Musgrave steps in to bankroll Abrakebabra fast food group
Musgrave - the Cork-based retail group that controls the SuperValu and Centra chains - has stepped in to help bankroll Abrakebabra, taking a charge over assets belonging to the fast food group.
The agreement signed earlier this month brings Musgrave in as a lender to the Abrakebabra group, alongside existing backers, including a fund controlled by private equity giant Lone Star, and BlueBay Ireland.
The agreement also puts Musgrave near the top of the queue when it comes to debts being paid by the Abrakebabra group.
Apart from the Abrakebabra outlets, the food group also controls the franchise in Ireland for the Bagel Factory and O'Brien's. There are over 130 owned and franchised outlets in the group.
Musgrave declined to comment yesterday on its deal with Abrakebabra, which was founded by Graeme Beere.
Neither Mr Beere nor Abrakebabra managing director David Zebedee replied to queries about the deal with Musgrave, whose SuperValu business is the second-biggest grocery chain in Ireland after Dunnes Stores.
BlueBay became a lender to the Abrakebabra group in 2014.
BlueBay is a subsidiary of the Royal Bank of Canada, and is a €450m credit fund designed to provide loans to small and medium-sized businesses in Ireland.
The National Pension Reserve Fund has committed €200m to BlueBay.
The last set of accounts for Ronwell, a company connected to Abrakebabra, note that at the end of last April the group continued to undergo a "comprehensive business and financial restructuring and reorganisation and has the support of financiers".
Last year, it was reported that at least some of the loans connected to Abrakebabra which were bought by Lone Star as part of IBRC's liquidation appeared to have been refinanced.
It was assumed that Lone Star had provided the refinancing.
At the time, BlueBay also took a charge against assets belonging to the Abrakebabra group.
The decision by family-owned Musgrave to step into the funding breach is unusual, but not without precedent.

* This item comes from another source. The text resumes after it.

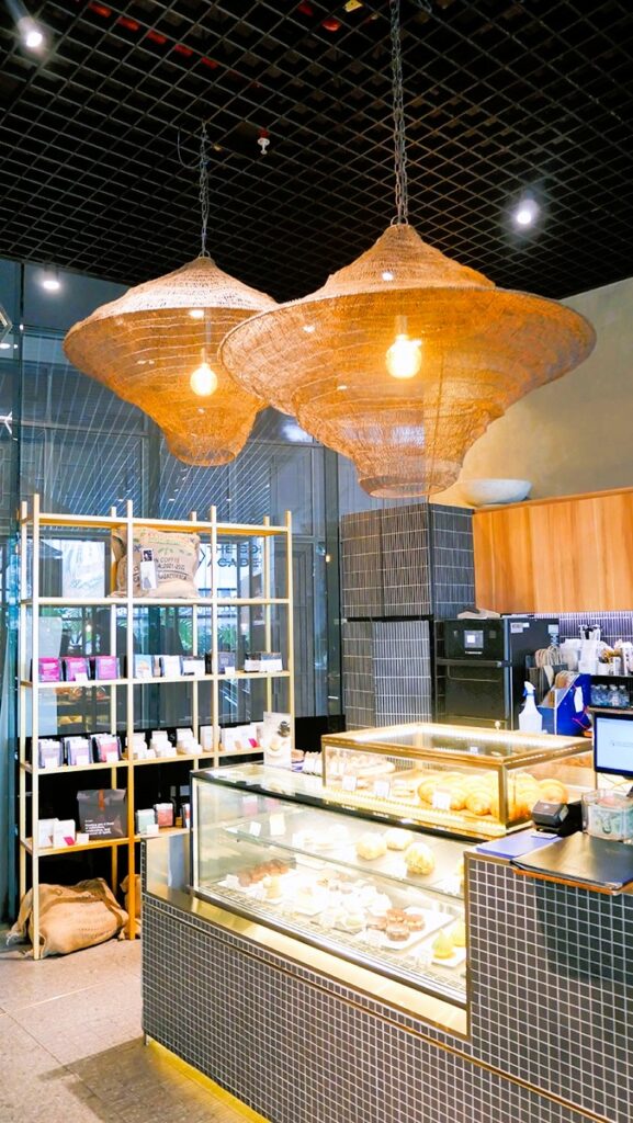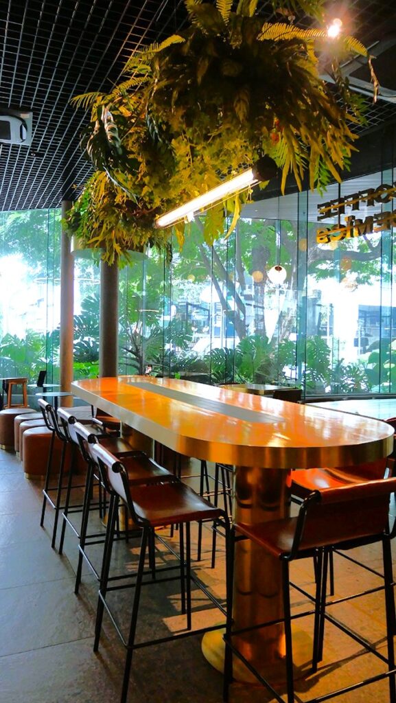 บรรยากาศภายในร้านอบอวลไปด้วยกลิ่นกาแฟและความอบอุ่นจากการตกแต่งที่ทันสมัยร่วมกับโทนสีไม้ธรรมชาติและสีเขียวจากต้นไม้ให้ความรู้สึกผ่อนคลายและสดชื่น ทุกมุมของร้านออกแบบมาเพื่อความสะดวกสบาย เหมาะสำหรับนั่งทำงานเบา ๆ พบปะเพื่อนฝูง หรือใช้เวลาสงบ ๆ กับตัวเอง นอกจากนี้ยังมีโซนที่นั่งแบบบาร์ให้ผู้มาเยือนชมการชงกาแฟแบบสด ๆ ใกล้ชิดขั้นตอนการทำ ให้ได้เห็นศิลปะและเทคนิคเบื้องหลังทุกแก้ว

In 2010, Musgrave bought the trading business and premises of one of the country's busiest SuperValu stores, in Dublin's Churchtown, after its owner got into financial difficulties.
The owner, Jim Treacy, had spent £30m (then €38m) developing the Lough Erne golf resort in Co Fermanagh.
A receiver was appointed by Bank of Scotland to that development and to the Churchtown business, with Musgrave then buying it.
Mr Treacy has since regained full operating control of the SuperValu outlet.